Three white Detroit cops and a black security guard were eventually brought to trial; however, as is so often the case, there were no convictions.
This movie is gripping but painful to watch. The young Brit actor Will Poulter is chilling as the racist cop leading the interrogation. John Boyega, another Brit, plays a conflicted black security guard who was also present at the annex. John Krasinski, the film’s best known actor, plays the defense attorney who effectively casts doubt on the witnesses recollection of the night’s events. The action is underscored by vintage Motown sound tracks. In fact, two of the young men present at the Algiers were in a Motown band “The Dramatics” that later achieved some fame.

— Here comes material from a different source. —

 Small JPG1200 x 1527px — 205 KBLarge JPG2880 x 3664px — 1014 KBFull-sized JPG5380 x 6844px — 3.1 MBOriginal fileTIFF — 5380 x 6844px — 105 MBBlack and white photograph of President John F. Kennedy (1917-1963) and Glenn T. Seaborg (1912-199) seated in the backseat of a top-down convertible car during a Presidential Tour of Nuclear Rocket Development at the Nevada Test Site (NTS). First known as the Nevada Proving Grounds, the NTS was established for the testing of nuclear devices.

Beyond just the trial, the movie raises some troubling questions. Like why the state troupers and National Guardsmen didn’t intervene when it was apparent that the Detroit cops were over the top. Apparently the movie is supposed to convey some sort of message about bigotry. However, for my money it might as well be a primer on how far we’ve come. Yes, the USA still has racial issues but nothing like 50 years ago.

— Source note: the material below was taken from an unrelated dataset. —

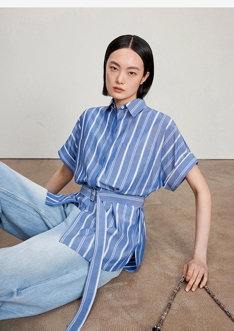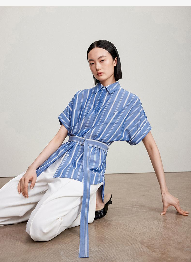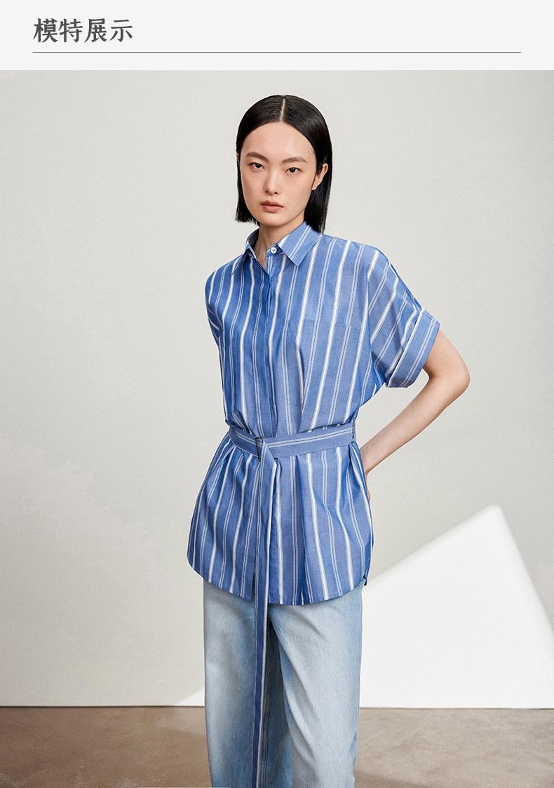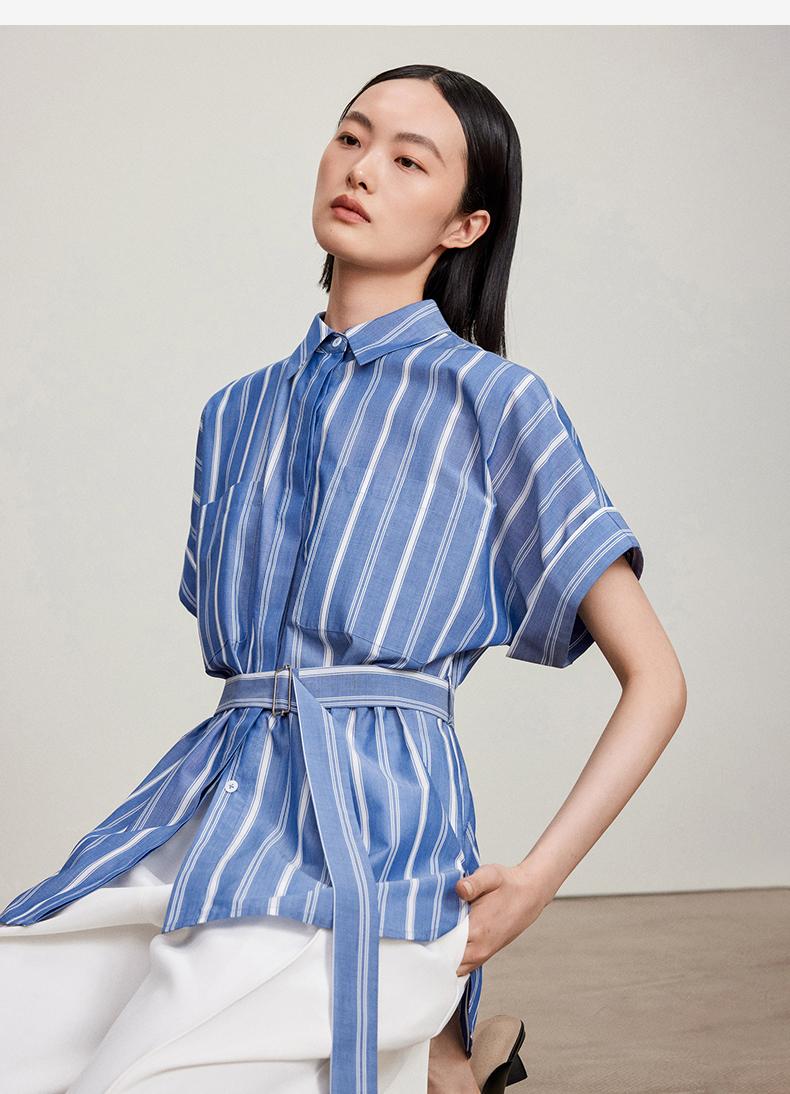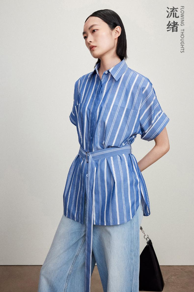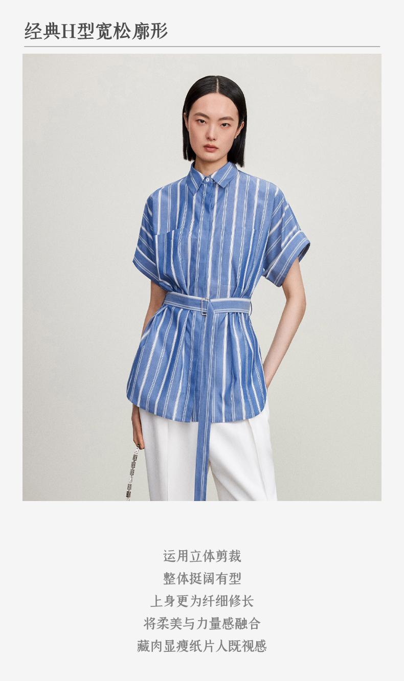 西嘉C+IMPRESS/西嘉法式气质通勤风铜氨竖条纹腰带衬衫女夏轻奢优雅CS2402013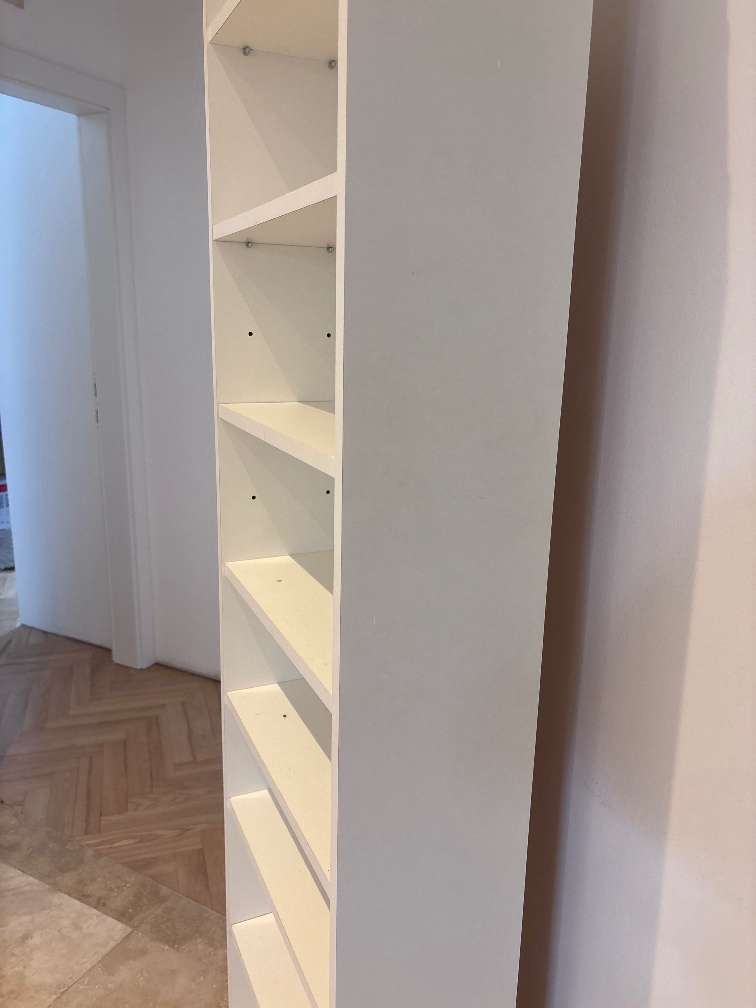 Verschenke weißes Regal mit Rollen Das Regal ist ca 20cm tief, 180cm hoch und 40cm breit. an der Hinterseite sind Rollen befestigt, also kann man es recht einfach bewegen. Zur Selbstabholung in 1180 Da Privatverkauf keine Garantie oder Rücknahme

At one time Detroit was the fifth largest city in this country and the world’s prime industrial colossus. Today, it has less than half the population that it had in ’67 and many of its finest neighborhoods resemble a war zone with dilapidated burned out buildings and rubble strewn vacant lots. The movie points out that in ’67 Detroit was 40% black and the police force 95% white. Fifty years later Detroit is 82% black — a victim of white flight and an industrial complex that won the World War only to lose the peace to Japan.

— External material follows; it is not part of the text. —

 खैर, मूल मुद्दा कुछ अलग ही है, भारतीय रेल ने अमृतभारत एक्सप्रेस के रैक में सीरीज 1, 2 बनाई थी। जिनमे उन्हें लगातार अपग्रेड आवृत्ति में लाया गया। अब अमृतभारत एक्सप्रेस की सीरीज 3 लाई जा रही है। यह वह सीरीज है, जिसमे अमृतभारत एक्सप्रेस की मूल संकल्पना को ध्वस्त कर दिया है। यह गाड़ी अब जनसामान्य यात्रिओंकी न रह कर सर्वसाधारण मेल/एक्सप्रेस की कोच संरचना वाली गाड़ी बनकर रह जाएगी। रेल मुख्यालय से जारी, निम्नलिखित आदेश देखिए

The city of Detroit holds some cherished memories for me. I grew up 90-miles south of there in Ohio and my mother’s family had a boatload of relatives in the city. In the 1950s we would go there once or twice a year and stay a week at a time with one of my great-uncles. It was a lovely, prosperous city back then. My maternal grandmother had three brothers and a sister who lived there. Frank, Hub and John were all foremen at Ford’s River Rouge plant, at that time the largest industrial complex in the world. Her sister Margaret sold shoes in an upscale store and would note that hockey great Gordie Howe and author Ann Morrow Lindberg were her regular customers.
The 1950s and early-60s was an era of working class prosperity so grand that it is almost mythical today. A Joe-average hard-working guy with a 10th grade education and some mechanical ability could work his way up from the assembly line to tool and die maker or foreman. On an hourly wage he could provide a comfortable lifestyle for a stay at home wife and several kids — a new car every three years and every summer a vacation out west or to a lake cottage. That scenario pretty much fit my great-uncle’s families.
Back in the mid-50s Detroit was more than just prosperous — it was also safe. When I was about 12, and my cousin Larry Murphy 14, we took several buses downtown and then got on the ferry boat to Belle Isle amusement park in the Detroit River. At the end of the day we rode the buses back to uncle Hub’s house on Stopel just blocks over from the neighborhood main drag of Frankel. Today, that same trek would be thru streets resembling a third world city and a parent would be charged with neglect if they allowed their kids to make that journey without adult supervision.
There’s an iconic meme I’ve seen several times on Facebook. It’s four pics: Detroit in 1945 vs. Nagasaki in 1945, and Detroit today contrasted with the vibrant city that Nagasaki is today — so stunning one would never guess who won WW2. The movie Detroit captures the era when that city’s past was becoming its present.